SEATTLE – The City of Seattle has reached an agreement with broadband developer Gigabit Squared to develop and operate an ultra high-speed FTTX broadband network. The plan will begin with a demonstration fiber project in 12 Seattle neighborhoods and includes wireless methods to deploy services more quickly to other areas in the city. The initiative, leveraging the City of Seattle’s excess fiber capacity, the expertise of Gigabit Squared, and the community leadership of The University of Washington, aims to stimulate business opportunities, spur advancements in health care, education, and public safety, and enhance quality of life for the residents and businesses of Seattle.
The City, the University and Gigabit Squared have signed a Memorandum of Understanding and a Letter of Intent that allows Gigabit Squared to begin raising the capital needed to conduct engineering work and to build out the demonstration fiber network. The project is the second city project announced by Gigabit Squared as part of its multi-million dollar Gigabit Neighborhood Gateway Program. Gigabit Squared will collaborate with the City of Seattle and the University of Washington to initiate a process for sharing information and soliciting input on the project from members of the affected communities.
The network, called Gigabit Seattle includes three pieces:
1. Fiber to the Home and Business
Gigabit Seattle plans to build out a FTTH/FTTB network to more than 50,000 households and businesses in 12 demonstration neighborhoods, connected together with the excess capacity that Gigabit Seattle will lease from the City’s own fiber network. Gigabit Seattle’s technology intends to offer gigabit speeds that are up to 1,000 times faster than the typical high-speed connection.

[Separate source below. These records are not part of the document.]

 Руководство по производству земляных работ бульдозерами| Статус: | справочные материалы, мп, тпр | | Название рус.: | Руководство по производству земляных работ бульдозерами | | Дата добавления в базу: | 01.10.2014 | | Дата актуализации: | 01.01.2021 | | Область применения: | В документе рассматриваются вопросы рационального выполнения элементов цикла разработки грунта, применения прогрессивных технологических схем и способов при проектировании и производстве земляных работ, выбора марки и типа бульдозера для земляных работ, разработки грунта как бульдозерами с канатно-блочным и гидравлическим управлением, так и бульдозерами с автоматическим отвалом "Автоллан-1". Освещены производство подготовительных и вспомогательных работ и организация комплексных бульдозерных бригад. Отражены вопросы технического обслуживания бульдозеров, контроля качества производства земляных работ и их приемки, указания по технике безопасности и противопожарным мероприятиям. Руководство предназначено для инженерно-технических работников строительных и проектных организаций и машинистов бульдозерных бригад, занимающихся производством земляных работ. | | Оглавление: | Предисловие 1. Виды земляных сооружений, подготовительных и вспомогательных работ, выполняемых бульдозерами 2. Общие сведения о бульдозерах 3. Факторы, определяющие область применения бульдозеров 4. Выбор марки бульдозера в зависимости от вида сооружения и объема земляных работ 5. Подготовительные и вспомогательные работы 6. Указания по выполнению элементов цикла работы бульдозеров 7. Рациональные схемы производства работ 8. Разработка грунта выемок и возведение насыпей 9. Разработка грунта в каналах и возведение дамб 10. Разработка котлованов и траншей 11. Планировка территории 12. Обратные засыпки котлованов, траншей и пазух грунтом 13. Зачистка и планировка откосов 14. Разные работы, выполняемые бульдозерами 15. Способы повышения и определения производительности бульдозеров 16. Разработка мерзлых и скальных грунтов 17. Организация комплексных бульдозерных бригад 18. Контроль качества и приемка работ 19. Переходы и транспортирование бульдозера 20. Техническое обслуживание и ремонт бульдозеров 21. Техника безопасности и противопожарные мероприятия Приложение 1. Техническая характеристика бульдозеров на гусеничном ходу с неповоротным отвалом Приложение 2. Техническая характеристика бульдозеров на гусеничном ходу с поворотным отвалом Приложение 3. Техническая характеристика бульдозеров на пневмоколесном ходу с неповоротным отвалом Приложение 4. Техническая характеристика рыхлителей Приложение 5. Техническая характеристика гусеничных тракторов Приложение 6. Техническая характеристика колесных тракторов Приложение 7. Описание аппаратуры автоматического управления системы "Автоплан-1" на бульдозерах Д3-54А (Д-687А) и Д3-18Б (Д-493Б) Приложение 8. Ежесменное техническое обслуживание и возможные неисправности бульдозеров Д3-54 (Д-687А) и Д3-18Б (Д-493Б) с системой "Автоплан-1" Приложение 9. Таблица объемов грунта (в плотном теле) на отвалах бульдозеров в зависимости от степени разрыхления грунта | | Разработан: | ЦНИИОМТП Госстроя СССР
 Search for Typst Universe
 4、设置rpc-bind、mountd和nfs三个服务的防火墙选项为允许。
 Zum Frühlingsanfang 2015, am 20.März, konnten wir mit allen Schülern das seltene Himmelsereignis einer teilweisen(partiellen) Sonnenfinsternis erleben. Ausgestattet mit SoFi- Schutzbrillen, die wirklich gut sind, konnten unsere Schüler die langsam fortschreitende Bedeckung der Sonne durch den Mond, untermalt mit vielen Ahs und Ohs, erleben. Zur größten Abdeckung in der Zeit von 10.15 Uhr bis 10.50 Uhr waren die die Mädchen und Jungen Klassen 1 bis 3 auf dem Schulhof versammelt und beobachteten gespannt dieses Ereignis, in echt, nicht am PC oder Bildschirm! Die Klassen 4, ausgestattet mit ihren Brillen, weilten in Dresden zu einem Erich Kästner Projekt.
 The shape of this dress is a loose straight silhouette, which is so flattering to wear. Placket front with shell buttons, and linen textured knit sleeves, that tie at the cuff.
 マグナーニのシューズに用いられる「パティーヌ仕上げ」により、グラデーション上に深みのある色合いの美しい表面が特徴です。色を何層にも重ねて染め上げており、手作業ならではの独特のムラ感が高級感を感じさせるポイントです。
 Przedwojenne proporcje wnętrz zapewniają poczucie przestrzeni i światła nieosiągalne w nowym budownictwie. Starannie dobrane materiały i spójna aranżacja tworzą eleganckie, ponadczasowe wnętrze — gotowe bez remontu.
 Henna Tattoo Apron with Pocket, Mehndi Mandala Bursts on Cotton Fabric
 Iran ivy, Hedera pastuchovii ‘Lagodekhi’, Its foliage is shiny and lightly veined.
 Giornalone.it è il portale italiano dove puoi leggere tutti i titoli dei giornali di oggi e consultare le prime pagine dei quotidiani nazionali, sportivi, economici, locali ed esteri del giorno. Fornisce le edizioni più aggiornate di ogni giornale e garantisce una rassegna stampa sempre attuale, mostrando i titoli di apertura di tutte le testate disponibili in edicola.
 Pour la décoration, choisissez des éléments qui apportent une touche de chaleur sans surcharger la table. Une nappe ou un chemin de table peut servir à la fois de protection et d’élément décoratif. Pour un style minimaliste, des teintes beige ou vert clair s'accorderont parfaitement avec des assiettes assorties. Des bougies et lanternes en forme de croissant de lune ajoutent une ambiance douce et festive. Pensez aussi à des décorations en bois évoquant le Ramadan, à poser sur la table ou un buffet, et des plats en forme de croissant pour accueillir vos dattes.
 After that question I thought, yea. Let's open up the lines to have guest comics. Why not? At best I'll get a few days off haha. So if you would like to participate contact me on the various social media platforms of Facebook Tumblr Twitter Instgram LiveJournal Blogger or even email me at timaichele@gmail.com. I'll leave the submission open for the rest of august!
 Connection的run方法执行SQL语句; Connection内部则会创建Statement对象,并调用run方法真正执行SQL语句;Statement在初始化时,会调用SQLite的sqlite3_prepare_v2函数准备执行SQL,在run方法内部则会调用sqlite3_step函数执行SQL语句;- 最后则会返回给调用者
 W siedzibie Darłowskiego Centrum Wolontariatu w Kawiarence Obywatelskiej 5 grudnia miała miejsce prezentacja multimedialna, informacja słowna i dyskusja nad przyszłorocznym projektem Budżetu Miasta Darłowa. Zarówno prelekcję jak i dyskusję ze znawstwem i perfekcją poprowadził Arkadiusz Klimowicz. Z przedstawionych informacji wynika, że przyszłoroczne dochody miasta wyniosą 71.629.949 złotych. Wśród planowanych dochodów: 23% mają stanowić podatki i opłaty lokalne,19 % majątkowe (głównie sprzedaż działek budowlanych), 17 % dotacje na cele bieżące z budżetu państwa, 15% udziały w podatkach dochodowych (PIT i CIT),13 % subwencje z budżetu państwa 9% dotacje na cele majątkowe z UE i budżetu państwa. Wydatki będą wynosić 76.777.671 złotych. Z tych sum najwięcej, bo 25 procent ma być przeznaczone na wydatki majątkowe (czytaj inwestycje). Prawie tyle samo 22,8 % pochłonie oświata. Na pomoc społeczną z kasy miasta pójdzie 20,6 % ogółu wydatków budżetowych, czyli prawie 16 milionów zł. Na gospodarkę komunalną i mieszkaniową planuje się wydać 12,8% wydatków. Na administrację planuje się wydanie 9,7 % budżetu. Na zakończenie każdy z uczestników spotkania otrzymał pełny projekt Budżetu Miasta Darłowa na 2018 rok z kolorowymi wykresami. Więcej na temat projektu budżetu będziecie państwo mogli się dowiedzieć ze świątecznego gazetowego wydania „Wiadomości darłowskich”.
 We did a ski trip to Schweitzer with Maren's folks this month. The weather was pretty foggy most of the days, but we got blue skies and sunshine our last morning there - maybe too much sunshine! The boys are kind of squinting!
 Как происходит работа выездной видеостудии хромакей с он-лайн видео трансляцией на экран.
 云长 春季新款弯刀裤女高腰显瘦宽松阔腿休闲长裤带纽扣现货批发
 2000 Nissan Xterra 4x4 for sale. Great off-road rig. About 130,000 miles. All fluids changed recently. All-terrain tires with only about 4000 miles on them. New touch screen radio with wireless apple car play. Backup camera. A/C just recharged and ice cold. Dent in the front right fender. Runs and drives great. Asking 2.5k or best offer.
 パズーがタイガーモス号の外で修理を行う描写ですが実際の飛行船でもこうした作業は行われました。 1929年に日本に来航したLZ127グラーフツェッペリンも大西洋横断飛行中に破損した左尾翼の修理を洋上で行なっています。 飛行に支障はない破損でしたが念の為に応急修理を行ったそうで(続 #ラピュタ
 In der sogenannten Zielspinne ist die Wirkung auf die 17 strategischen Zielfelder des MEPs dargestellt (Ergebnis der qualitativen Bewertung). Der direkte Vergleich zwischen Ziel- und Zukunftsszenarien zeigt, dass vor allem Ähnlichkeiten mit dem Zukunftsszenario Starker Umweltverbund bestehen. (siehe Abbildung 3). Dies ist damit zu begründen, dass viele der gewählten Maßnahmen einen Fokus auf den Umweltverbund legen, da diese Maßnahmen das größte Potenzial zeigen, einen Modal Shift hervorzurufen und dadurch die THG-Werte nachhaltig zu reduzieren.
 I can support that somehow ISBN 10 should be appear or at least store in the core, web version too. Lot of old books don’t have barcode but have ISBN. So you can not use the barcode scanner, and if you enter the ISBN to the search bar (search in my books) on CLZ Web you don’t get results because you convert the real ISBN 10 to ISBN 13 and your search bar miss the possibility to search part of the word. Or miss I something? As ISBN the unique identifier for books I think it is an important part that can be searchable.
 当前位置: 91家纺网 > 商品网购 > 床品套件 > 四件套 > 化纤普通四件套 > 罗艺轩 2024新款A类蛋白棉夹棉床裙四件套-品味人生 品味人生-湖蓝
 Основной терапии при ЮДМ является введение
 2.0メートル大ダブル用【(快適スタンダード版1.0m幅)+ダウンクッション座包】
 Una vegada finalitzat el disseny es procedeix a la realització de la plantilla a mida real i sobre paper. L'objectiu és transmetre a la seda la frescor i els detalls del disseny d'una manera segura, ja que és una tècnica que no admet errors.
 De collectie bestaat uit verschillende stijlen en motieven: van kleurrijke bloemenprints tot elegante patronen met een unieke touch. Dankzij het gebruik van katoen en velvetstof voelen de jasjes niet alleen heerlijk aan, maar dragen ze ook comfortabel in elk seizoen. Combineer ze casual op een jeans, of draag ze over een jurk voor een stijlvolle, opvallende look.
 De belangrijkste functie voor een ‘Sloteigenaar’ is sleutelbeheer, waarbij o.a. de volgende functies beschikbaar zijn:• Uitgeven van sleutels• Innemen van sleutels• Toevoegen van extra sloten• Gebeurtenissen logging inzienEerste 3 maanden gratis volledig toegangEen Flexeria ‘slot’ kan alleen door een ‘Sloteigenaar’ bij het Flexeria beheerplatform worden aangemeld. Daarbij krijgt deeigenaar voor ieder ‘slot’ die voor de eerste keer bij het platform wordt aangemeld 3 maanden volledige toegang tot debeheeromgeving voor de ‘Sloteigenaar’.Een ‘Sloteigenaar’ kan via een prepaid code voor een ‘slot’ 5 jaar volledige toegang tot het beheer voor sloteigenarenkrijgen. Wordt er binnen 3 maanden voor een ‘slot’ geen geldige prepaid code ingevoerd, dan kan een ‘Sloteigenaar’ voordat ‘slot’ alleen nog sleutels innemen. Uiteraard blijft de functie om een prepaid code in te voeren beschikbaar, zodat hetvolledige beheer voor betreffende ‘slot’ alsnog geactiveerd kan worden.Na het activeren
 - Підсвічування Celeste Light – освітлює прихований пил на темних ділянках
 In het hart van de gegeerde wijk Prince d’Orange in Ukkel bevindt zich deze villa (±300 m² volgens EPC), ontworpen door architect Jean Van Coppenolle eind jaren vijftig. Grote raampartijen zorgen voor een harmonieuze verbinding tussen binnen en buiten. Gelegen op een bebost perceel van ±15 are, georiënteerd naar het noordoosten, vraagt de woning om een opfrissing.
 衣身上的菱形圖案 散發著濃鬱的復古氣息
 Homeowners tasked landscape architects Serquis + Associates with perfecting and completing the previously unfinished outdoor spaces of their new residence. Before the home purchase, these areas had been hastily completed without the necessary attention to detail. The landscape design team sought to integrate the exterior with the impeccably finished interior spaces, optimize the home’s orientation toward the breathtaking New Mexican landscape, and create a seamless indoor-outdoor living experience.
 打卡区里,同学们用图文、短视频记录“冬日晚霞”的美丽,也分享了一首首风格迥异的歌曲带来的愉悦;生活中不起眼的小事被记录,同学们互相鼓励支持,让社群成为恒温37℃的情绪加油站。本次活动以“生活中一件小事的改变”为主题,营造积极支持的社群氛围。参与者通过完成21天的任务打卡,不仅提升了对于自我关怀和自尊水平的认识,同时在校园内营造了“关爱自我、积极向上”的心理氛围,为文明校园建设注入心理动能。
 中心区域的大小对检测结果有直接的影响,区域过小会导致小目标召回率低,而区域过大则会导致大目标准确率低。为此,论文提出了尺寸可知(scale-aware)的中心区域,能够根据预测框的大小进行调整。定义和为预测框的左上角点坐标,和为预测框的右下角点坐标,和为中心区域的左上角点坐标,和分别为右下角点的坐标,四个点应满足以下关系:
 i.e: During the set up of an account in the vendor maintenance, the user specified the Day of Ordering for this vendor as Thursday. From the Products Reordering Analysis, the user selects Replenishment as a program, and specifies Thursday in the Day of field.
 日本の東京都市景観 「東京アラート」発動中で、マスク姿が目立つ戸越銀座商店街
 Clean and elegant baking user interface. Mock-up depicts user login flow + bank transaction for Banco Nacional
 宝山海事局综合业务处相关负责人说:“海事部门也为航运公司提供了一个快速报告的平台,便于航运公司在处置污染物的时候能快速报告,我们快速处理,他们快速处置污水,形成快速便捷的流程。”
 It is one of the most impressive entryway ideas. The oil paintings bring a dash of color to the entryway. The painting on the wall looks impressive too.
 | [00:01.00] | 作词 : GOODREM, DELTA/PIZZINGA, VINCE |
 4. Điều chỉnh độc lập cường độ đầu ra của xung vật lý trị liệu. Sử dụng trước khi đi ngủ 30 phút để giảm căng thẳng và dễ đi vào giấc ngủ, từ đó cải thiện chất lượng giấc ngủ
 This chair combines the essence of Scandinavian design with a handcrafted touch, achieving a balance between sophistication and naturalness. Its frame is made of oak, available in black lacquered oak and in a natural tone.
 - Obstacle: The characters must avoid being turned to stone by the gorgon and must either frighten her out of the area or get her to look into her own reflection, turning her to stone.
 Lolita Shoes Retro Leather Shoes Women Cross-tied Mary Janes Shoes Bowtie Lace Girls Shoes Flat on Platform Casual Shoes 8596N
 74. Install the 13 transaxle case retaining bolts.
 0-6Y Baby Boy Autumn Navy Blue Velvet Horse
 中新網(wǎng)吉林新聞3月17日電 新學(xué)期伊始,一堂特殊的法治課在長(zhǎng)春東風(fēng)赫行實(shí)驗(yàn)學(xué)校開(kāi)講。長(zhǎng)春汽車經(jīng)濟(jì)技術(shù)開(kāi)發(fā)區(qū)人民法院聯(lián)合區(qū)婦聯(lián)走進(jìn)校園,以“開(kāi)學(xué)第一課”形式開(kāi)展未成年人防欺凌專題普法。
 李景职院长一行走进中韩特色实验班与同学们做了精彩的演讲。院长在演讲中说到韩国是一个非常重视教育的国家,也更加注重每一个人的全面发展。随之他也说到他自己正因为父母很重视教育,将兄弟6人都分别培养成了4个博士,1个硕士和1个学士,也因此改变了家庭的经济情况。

The initial 12 neighborhoods include: Area 1: the University of Washington’s West Campus
District, Area 2: South Lake Union, Area 3: First Hill/Capitol Hill/Central Area, Area 4: the
University of Washington’s Metropolitan Tract in downtown Seattle, Area 5: the University of
Washington’s Family Housing at Sand Point, Area 6: Northgate, Area 7: Volunteer Park Area,
Area 8: Beacon Hill and SODO Light Rail Station and Areas 9-12: Mount Baker, Columbia City,
Othello, and Rainier Beach.
2. Dedicated Gigabit to Multifamily Housing and Offices
To provide initial coverage beyond the 12demonstration neighborhoods, Gigabit Seattle intends to build a dedicated Gbps broadband wireless umbrella to cover Seattle providing point-to-point radio access up to one Gbps. This will be achieved by placing fiber transmitters on top of 38 buildings across Seattle.
These transmitters can beam fiber Internet to multifamily housing and offices across Seattle,
even those outside the 12 demonstration neighborhoods, as long as they are in a line of
sight. Internet service would be delivered to individual units within a building through existing
wiring. This wireless coverage can provide network and Internet services to customers that do
not have immediate access to fiber in the city.
3. Next Generation Mobile Wireless Internet
Gigabit Seattle will provide next generation wireless cloud services in its 12 neighborhoods to provide customers with mobile access.
This is the first demonstration project of Gigabit Squared’s Gigabit Neighborhood Gateway Program
(GNGP), which will bring other projects like this to promote gigabit network innovation in six selected university communities across the country. The $200 million broadband program was developed inpartnership with The University Community Next Generation Innovation Project (Gig.U).